Birmingham-Southern College to Close After Failing to Secure State Loan
Birmingham-Southern College, a private liberal arts school in Birmingham, Ala., is set to close at the end of May, bringing a bitter end to the school’s nearly 170-year history after it failed to secure a multimillion-dollar loan from the state.
The school’s board of trustees voted unanimously on Tuesday to shut the school, with the college’s hundreds of students and staff receiving formal notice shortly after.
“This is a tragic day for the college, our students, our employees, and our alumni,” the Rev. Keith D. Thompson, the chair of the board, said in a news release. “But it is also a terrible day for Birmingham, for the neighborhoods who have surrounded our campus for more than 100 years, and for Alabama.”
The school has been mired in debt for years. The 2009 recession, and then the coronavirus pandemic worsened the toll of expensive campus investments and a dwindling endowment. But many staff and students had hoped that its future could be salvaged after Alabama lawmakers last year approved a new loan program that could lend Birmingham-Southern as much as $30 million.

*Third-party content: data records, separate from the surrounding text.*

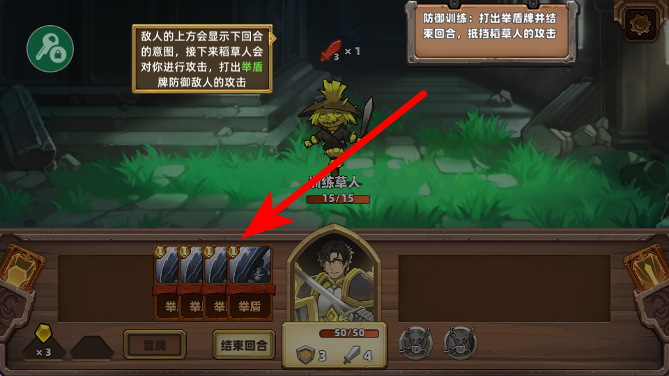 2、战斗时,敌人上方会显示下回合意图,当敌人要攻击时,可打出举盾类卡牌,以此防御敌人的攻击,保障自身安全。
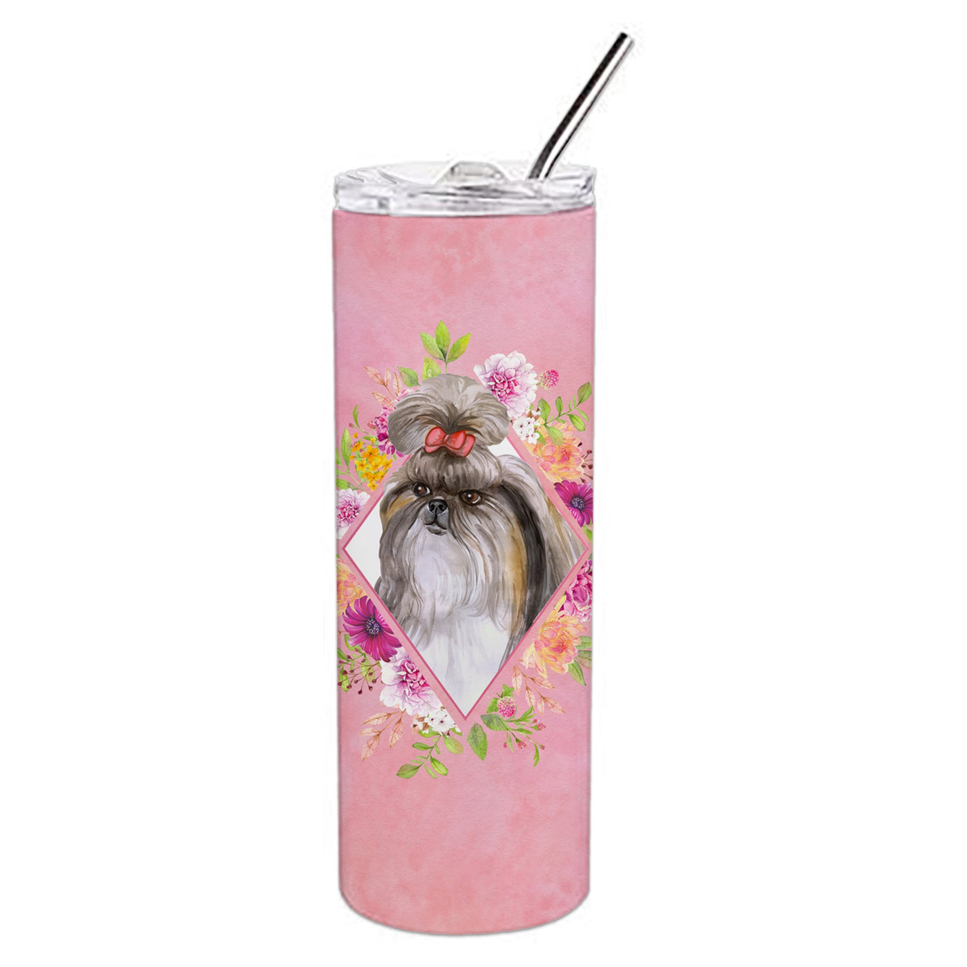 'Caroline's Treasures Shih Tzu Pink Flowers Double Walled Stainless Steel 20 oz Skinny travel-insulated-tumblers Multicolor''
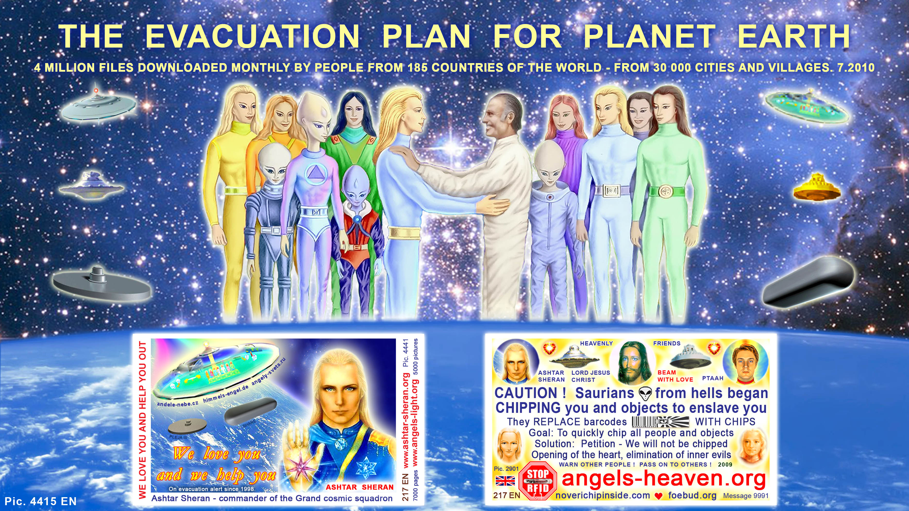 • JUST TEN YEARS HAVE PASSED (SINCE CHRISTMAS 1997) FROM THE TIME WHEN THE POWERS OF LIGHT – ASHTAR’S GRAND COSMIC SQUADRON AND PTAAH’S GREAT COSMIC SQUADRON FROM PLEIADES – BY WAY OF FIGHT PHYSICALLY EXPULSED THE POWERS OF DARKNESS FROM ENVIRONS AROUND THE PLANET EARTH. THE POWERS OF LIGHT THERE CONSEQUENTLY TOOK UP THEIR EVACUATION POSITIONS, NUMBERING ABOUT 100 000 COSMIC EVACUATION SPACESHIPS AND 250 MILLIONS HEAVENLY ANGELS. WITHIN THESE 10 YEARS, WHILE THE EVACUATION FOR THE TIME BEING DIDN’T HAVE TO TAKE PLACE, MANY PEOPLE GOT THE OPPORTUNITY TO GROW SPIRITUALLY WITH GREAT ASSISTANCE PROVIDED BY HEAVENLY ANGELS AND THE PRIMARY CREATOR OF EVERYTHING AND EVERYBODY. A NUMBER OF PEOPLE USED THIS OPPORTUNITY SUCCESSFULLY.
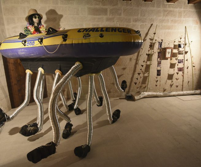 L’elemento ironico in queste finzioni viene usato da Giovanni Cristino, che dispone su di un tavolo un’ipotetico aperitivo immangiabile e da Vito Battista nella sua riflessione sulla figura del turista, abitante di una realtà altra, la vacanza, dove l’uomo riesce a essere spensierato e lontano dalla routine che lo incasella. Allo stesso tempo, grazie al canotto gonfiabile, la spensieratezza diventa libertà piena nel mare. Libertà che nell’installazione al castello si conquista anche in terra, grazie allo sviluppo di una serie di zampe bizzarre, dalle influenze estetiche provenienti dall’animazione del primo novecento, permettendo al turista di vivere nella spensieratezza (per sempre).
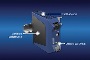 The cost-effective and reliable RECOM RACPRO1-S240E DIN-rail mount AC-DC series is only 125 x 139 mm and 39 mm wide, yet provides 240 W output. The unit operates within a temperature range from -40°C to 60°C with just convection cooling, which is extended to 70°C with derating. It can also handle surges of up to 360 W for five seconds.
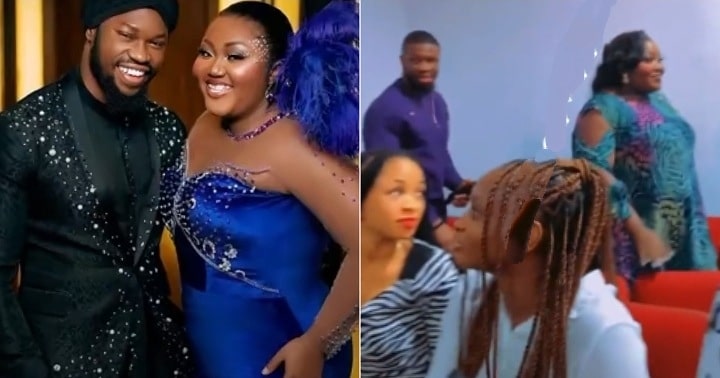 Blessing Obasi in the video, stretched her hand towards Stan Nze but he turned her down and continued talking to an unknown lady while his wife walked away.
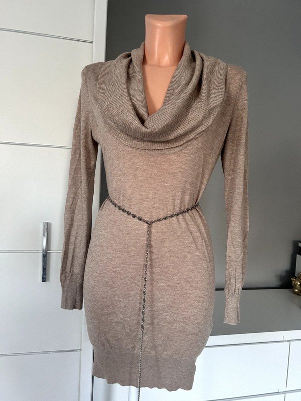 Sukienka swetrowa tunika firmy H&M, nie posiadam metki z rozmiarem ale moim zdaniem to rozmiar S 36. Kolor beżowy, 61 % wiskoza, a więc przewiewna. Luźny golf, ściągacze przy rękawach i na dole, elastyczna, wygodna. Polecam. Pasek nie jest w komplecie.
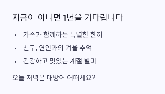 가족, 친구, 연인과 함께 신선한 대방어 한 접시로 건강하고 맛있는 겨울 보내시길 바랍니다. 오늘 저녁 메뉴는 고민하지 말고 대방어 제철 회로 정해보시는 건 어떨까요?
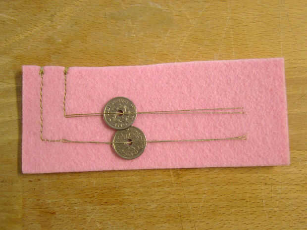 Ahora pista trasera y coser nuevamente por el agujero de la moneda, pero esta vez coser a través del orificio de la manera opuesta que cosido a través de él la primera vez!
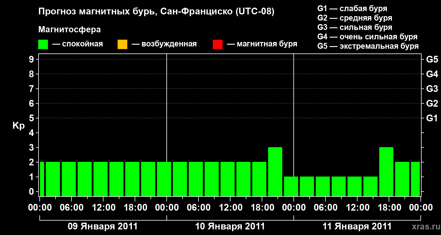 Прогноз магнитных бурь Сан-Франциско — 9 января 2011 года
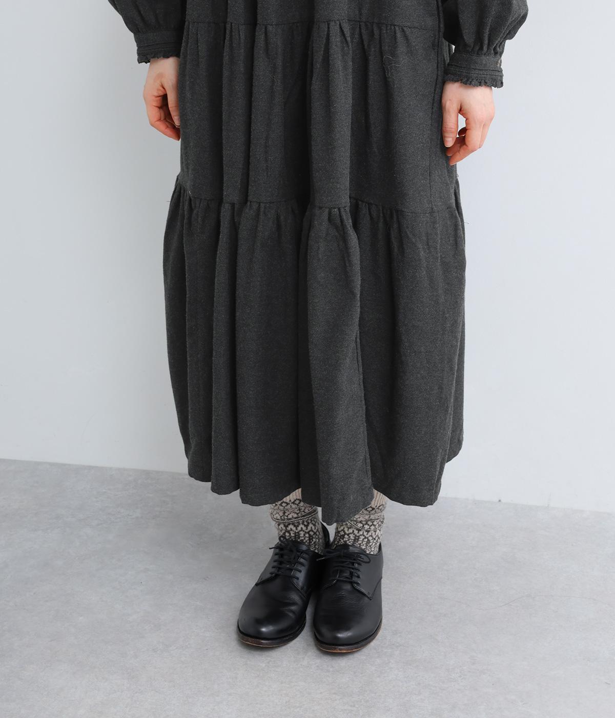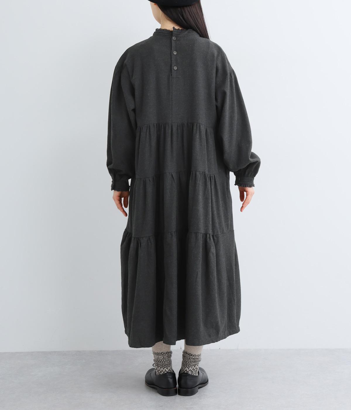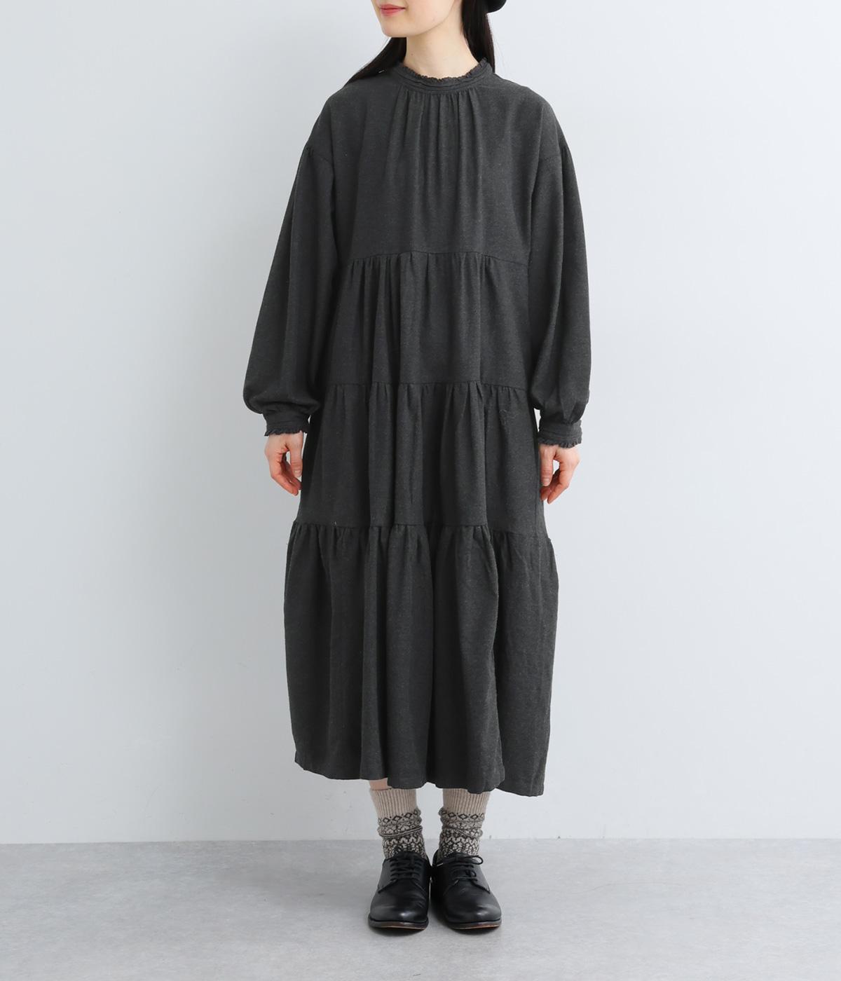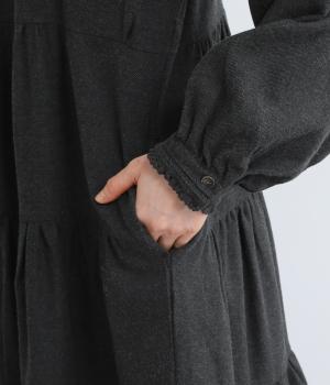 大人かわいい雰囲気漂うティアードワンピースです。首元と袖口にはさりげないフリルを添えて、ほんのり可憐なアクセントに。たっぷりの生地感が優雅なドレープをつくり、上品な印象に仕上げています。
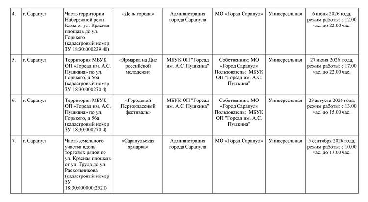 В дни проведения массовых праздничных, общественно-политических, культурно-массовых, спортивно-массовых мероприятий, проводимых на территории МО «Город Сарапул» |
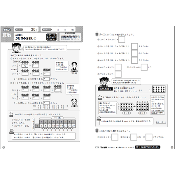 きほん9:かけ算/時こくと時間 かけ算と時こくと時間の練習
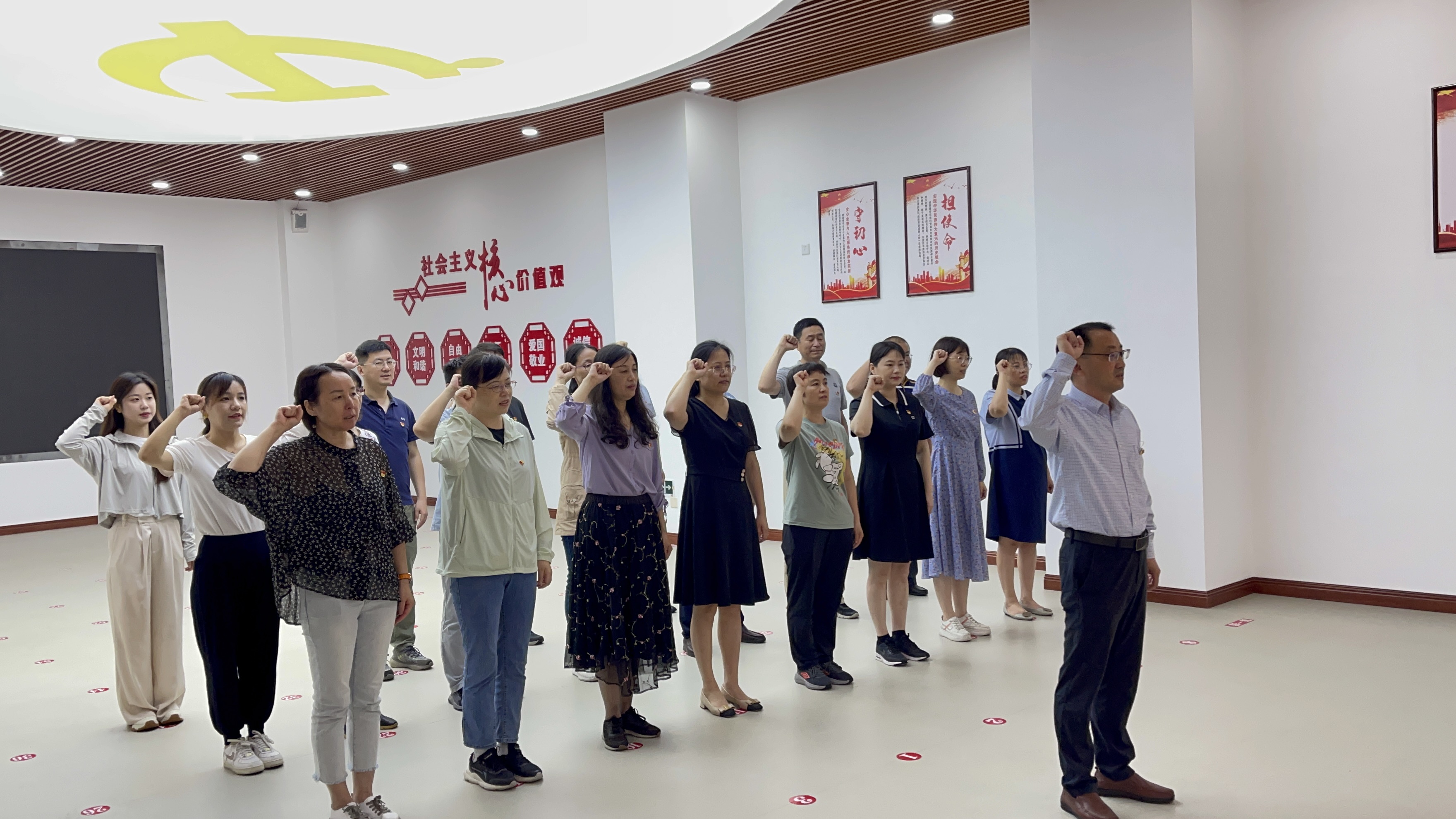 在六安市委党校独山分校宣誓室,黄学武带领全体党员在庄严的党旗下,一起重温了入党誓词。

Daniel Coleman, the school’s president, had proposed an ambitious plan to use the loan as a bridge to stay open while the college sought to replenish its endowment with commitments from private donors. But Young Boozer III, the state treasurer, twice denied the loan last year, citing concerns about the school’s ability to pay its debts.
“If you loan it, you will own it — it is a falling knife,” Mr. Boozer told a House committee this month.